Has anyone any experience of this lathe?
What are their good points and limitations?

Are there other small lathes I should consider in this price range?

Thanks.


----------



## ian_in_the_midlands (28 Jun 2014)

Or maybe something like this?
http://www.chesterhobbystore.com/conque ... 3965-p.asp
Looks more lathe for the same price. Maybe too cheap?


----------



## Robbo3 (29 Jun 2014)

The C1 seems quite small but I suppose it depends on what you want to do with it.

About a year ago I bought a second hand Seig C3 (7"x14" approx) mini lathe. Having no engineering knowledge & not knowing whether I had bought a pile of junk, I got an engineer friend to look it over & he was very impressed, especially with the value for money.
- http://www.arceurotrade.co.uk/Catalogue ... Mini-Lathe
- http://www.mini-lathe.org.uk/index.shtml

Seems like the C3 has been superceded by the Super C3 (£595 + £27.50 carriage). The old C3 has a digital speed readout above the speed control knob.

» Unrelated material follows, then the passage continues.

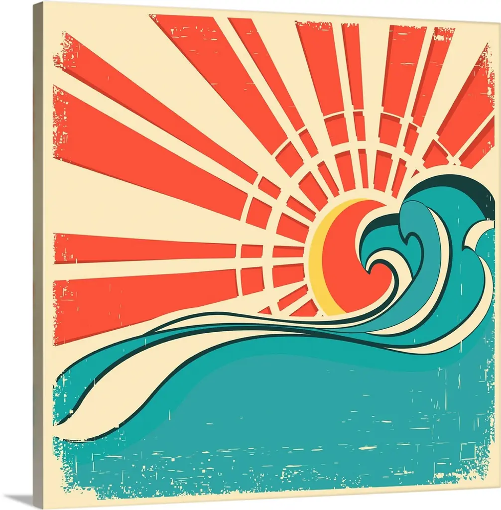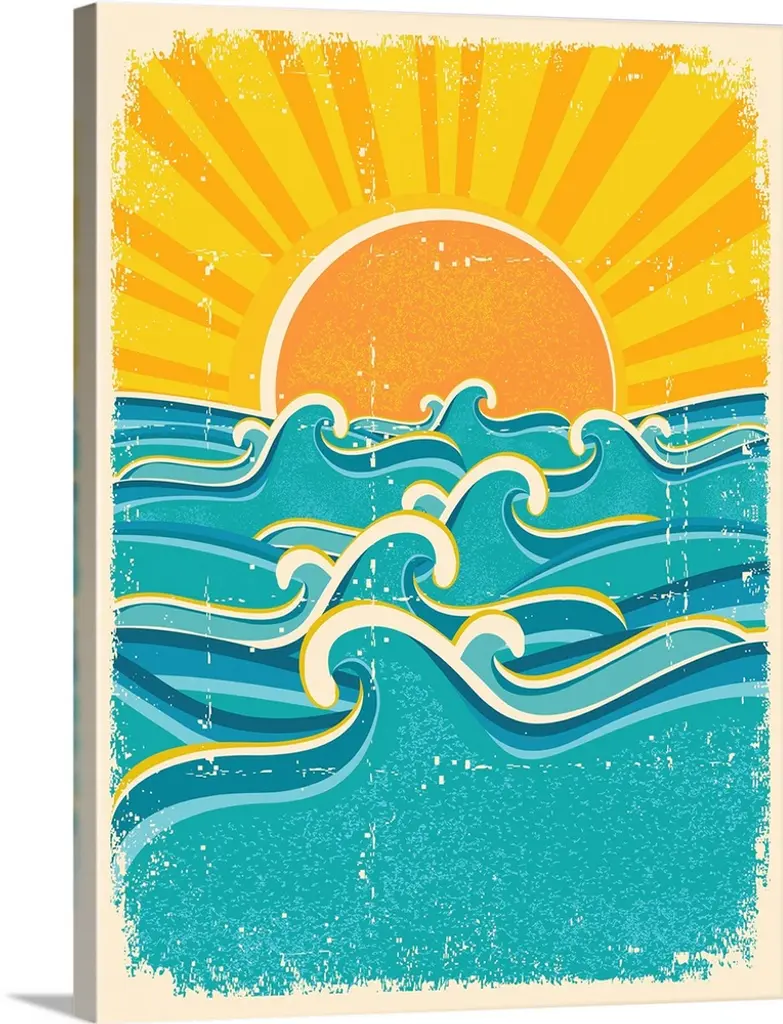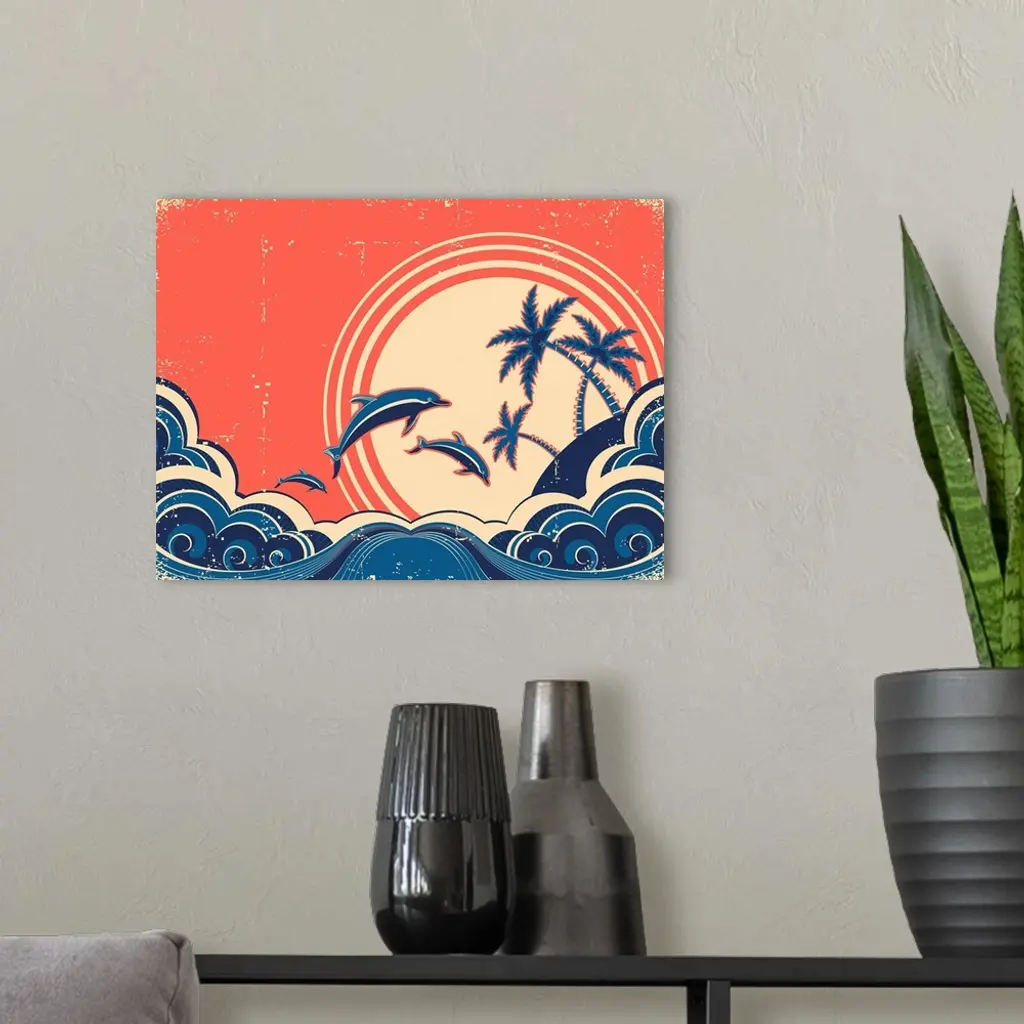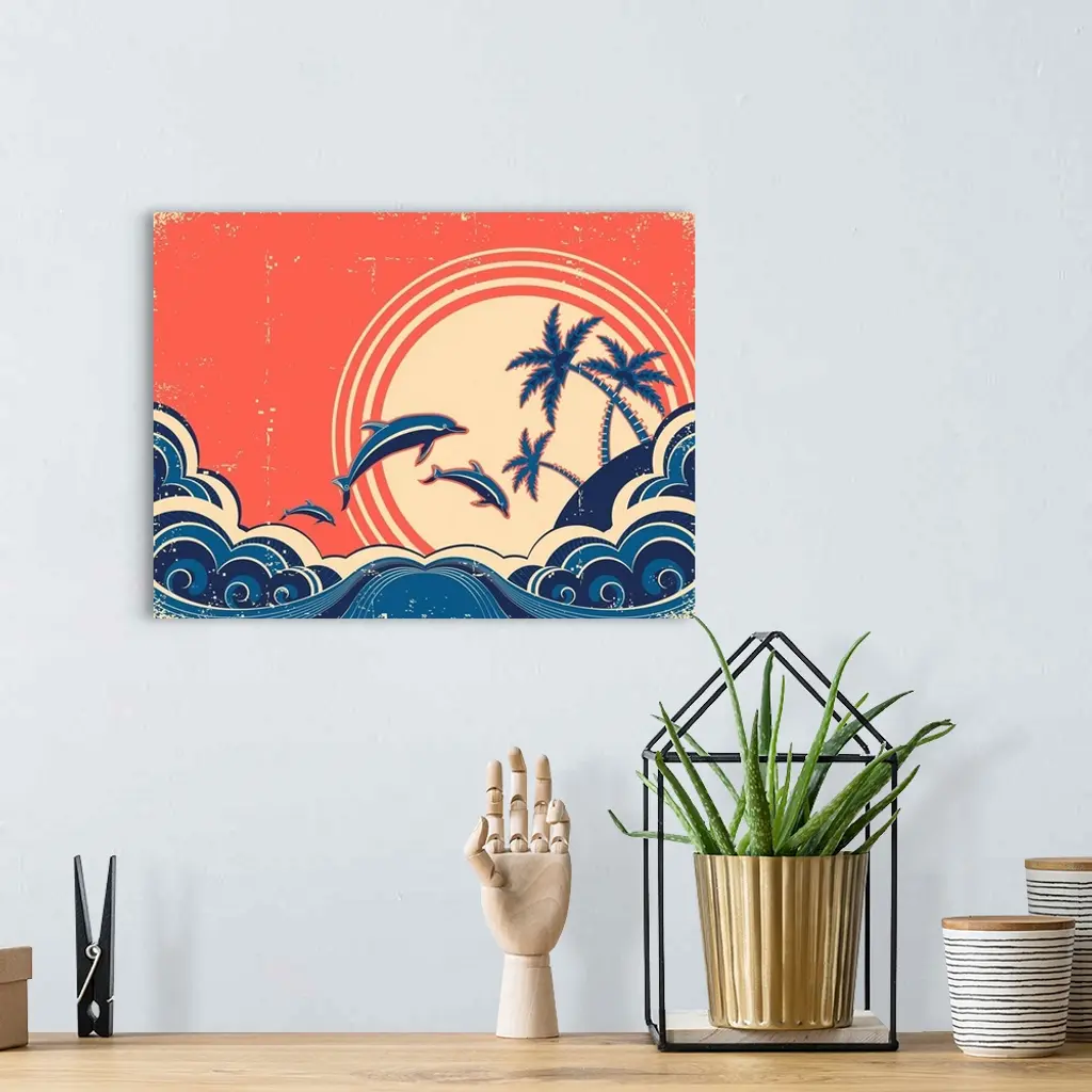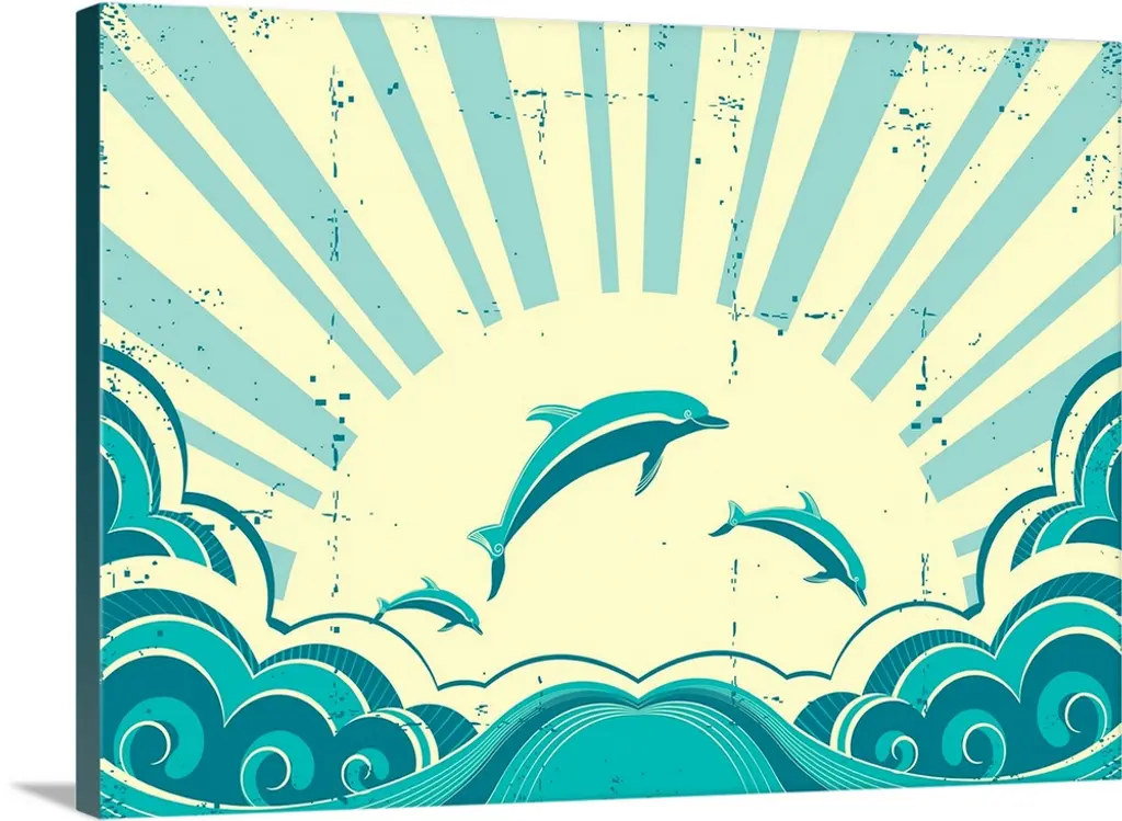 Seascape Waves Poster With Dolphins. Vector Grunge Illustration On Old Paper

As I said earlier, I have no engineering knowledge so this is really FYI (For Your Information).


----------



## ian_in_the_midlands (7 Sep 2014)

Thanks Robbo,
I saved the extra and went with your suggestion.


----------



## ian_in_the_midlands (7 Sep 2014)

First time in over 30 years I have used a metal lathe.
Not too disappointed in the results. It runs on only a few PSI of compressed air.


----------



## ian_in_the_midlands (7 Sep 2014)

Got something wrong with my threading though.
Can't get the nut off now.


----------